----- INFORMATION -----
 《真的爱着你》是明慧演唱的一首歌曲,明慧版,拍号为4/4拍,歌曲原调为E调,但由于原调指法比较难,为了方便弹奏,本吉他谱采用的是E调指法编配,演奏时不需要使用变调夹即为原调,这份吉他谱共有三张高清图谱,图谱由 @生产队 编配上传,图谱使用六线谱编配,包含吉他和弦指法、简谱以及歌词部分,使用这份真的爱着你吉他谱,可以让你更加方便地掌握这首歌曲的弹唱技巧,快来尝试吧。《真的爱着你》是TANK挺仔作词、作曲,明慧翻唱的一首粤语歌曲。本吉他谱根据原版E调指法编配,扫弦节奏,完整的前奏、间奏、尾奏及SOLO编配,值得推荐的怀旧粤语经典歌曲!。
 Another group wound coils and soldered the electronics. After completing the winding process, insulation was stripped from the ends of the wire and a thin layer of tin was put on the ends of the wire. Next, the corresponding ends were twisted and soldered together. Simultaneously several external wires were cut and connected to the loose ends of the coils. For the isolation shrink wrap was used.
-----
----- INFORMATION -----
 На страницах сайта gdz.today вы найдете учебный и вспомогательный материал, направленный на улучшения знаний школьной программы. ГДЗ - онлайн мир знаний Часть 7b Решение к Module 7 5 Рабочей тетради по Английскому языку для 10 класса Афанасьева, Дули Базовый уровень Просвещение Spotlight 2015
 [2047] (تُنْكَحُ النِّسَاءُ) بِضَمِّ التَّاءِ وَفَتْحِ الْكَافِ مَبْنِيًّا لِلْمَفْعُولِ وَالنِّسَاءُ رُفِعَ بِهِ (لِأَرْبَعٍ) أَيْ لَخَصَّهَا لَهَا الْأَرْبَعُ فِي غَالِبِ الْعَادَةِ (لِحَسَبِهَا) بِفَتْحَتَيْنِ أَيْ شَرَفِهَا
-----
----- INFORMATION -----
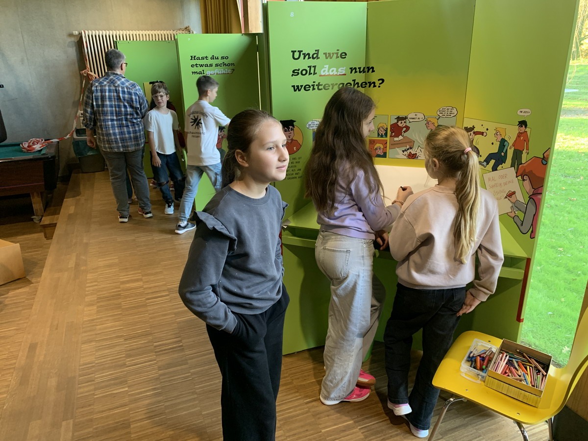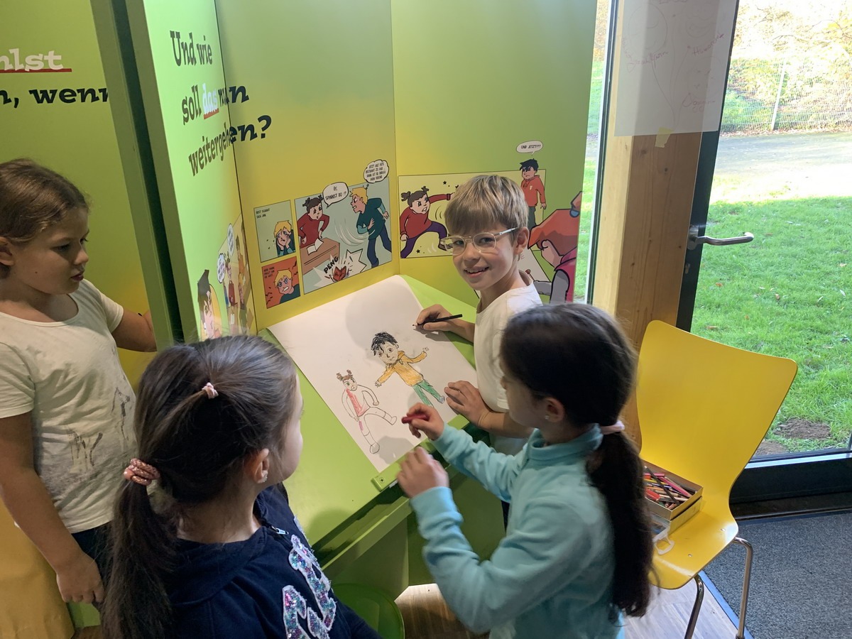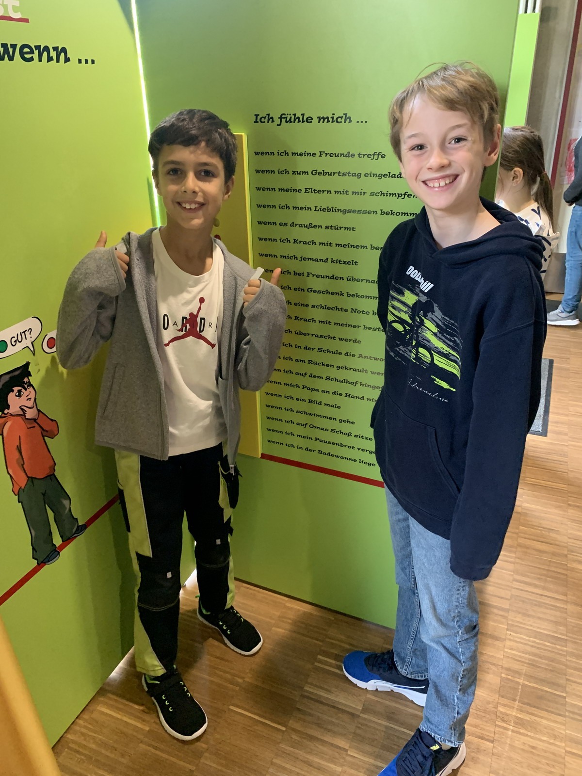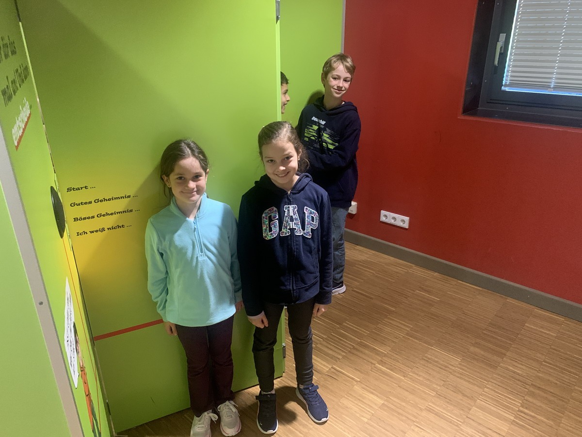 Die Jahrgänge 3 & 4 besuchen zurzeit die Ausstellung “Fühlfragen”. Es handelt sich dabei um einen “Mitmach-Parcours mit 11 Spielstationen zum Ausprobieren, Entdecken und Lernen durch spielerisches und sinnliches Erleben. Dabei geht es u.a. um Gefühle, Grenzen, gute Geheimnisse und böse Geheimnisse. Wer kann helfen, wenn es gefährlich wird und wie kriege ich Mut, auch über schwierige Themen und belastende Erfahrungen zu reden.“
-----
◆ PROBLEM TO SOLVE: Print, without alteration, only the lines above between the one holding "На страницах сайта" and the one holding "[2047] (تُنْكَحُ النِّسَاءُ)", inclusive.

◆ EXERCISE ANSWER:
 На страницах сайта gdz.today вы найдете учебный и вспомогательный материал, направленный на улучшения знаний школьной программы. ГДЗ - онлайн мир знаний Часть 7b Решение к Module 7 5 Рабочей тетради по Английскому языку для 10 класса Афанасьева, Дули Базовый уровень Просвещение Spotlight 2015
 [2047] (تُنْكَحُ النِّسَاءُ) بِضَمِّ التَّاءِ وَفَتْحِ الْكَافِ مَبْنِيًّا لِلْمَفْعُولِ وَالنِّسَاءُ رُفِعَ بِهِ (لِأَرْبَعٍ) أَيْ لَخَصَّهَا لَهَا الْأَرْبَعُ فِي غَالِبِ الْعَادَةِ (لِحَسَبِهَا) بِفَتْحَتَيْنِ أَيْ شَرَفِهَا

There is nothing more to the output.